The discovery of the remains of King Richard III underneath a parking lot this week, identified thanks to mitochondrial DNA from his Canadian great-great-great-etc. nephew, shows how history can twist and turn a living person.
We know a lot more about Richard than we do about almost anyone else from his time. For example, how many skeletons of anonymous ditch diggers from 500 years past are being fought over by Leicester and York?
We know where and when Richard was born, where he died and what it was that killed him. (He apparently had way too much iron in his system, mostly in the form of swords that had stabbed him in the face. Henry Tudor didn't kid around.)
But we don't know too much about his personality. What we have are two constructs between which to choose.
First there is the Tudor family propaganda, ably expanded upon by Shakespeare. Richard was a piece of . . . something you find in a field where cows have recently spent time. He murdered his nephews, along with anyone else who got in his way. But even Shakespeare couldn't resist making Richard great.
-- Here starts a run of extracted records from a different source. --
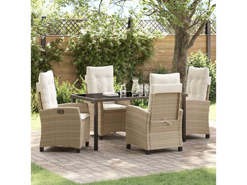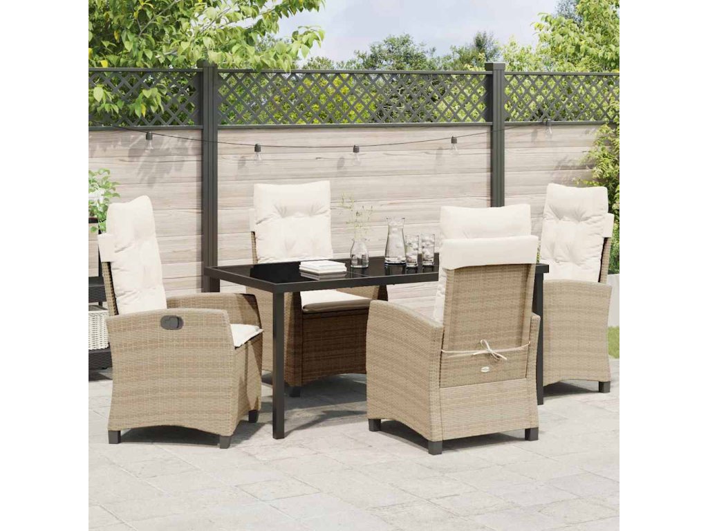 Zahradní jídelní souprava s polštářem 5 pcs Béžová polyratan 3380396
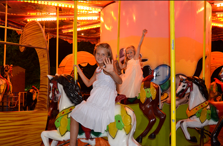 Луна-парк (работает до конца сентября, 20:00-00:00): 5 билетов на комнату бесплатно, по заезду (билеты действительны для всех аттракционов, 1 билет - 1 тип аттракциона), примерная стоимость 1 дополнительного билета 1,5 евро на одного взрослого/ ребенка.
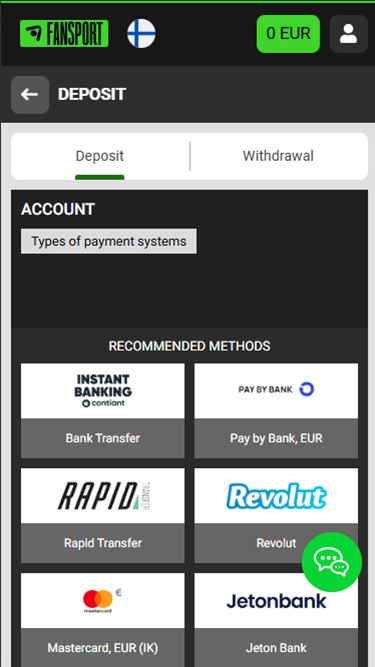 Regarding customer support, players can contact a customer support representative via the live chat service or by emailing support@fan-sport.com.
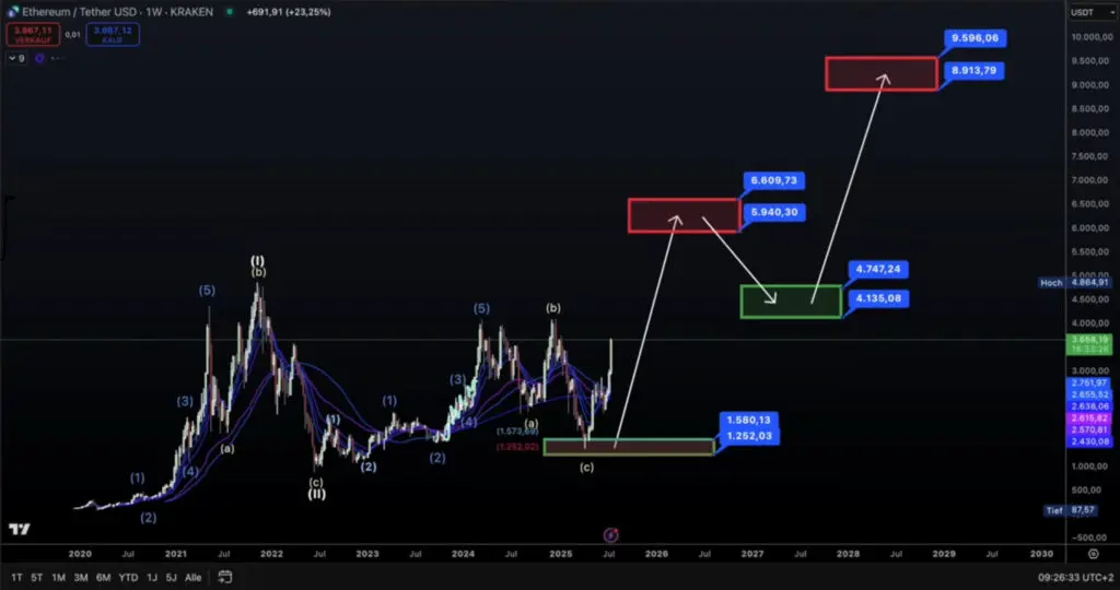 • Komentar: ETH formira impulsivni talas u okviru Elliott Wave strukture (5-3-5). Ukoliko se trenutni zamah održi, očekuje se probijanje gornje zone ka 6.000+. Međutim, korekcija prema 4.100 USDT je vjerovatna prije nastavka rasta.

"And therefore- since I cannot prove a lover, to entertain these fair well-spoken days-I am determined to prove a villain, and hate the idle pleasures of these days," he said. This Richard is the smooth-talking smart guy who scrambles to the throne despite being "crookbacked" and the youngest of three brothers.
The worst of his reputation lies on the disappearance of his nephews, the Princes in the Tower.
Since the early part of the century, there's been a move to create another Richard III, claiming that he certainly didn't kill two innocent children, his own brother's children.
Let's see, he locked up the heirs to the throne and had them declared illegitimate, thus making him king. But anyone opposed to him would have good reasons to use the kiddies as figureheads of rebellion.
And then in 1483, they vanished. I'm not sure we have to call in Sherlock Holmes for this one.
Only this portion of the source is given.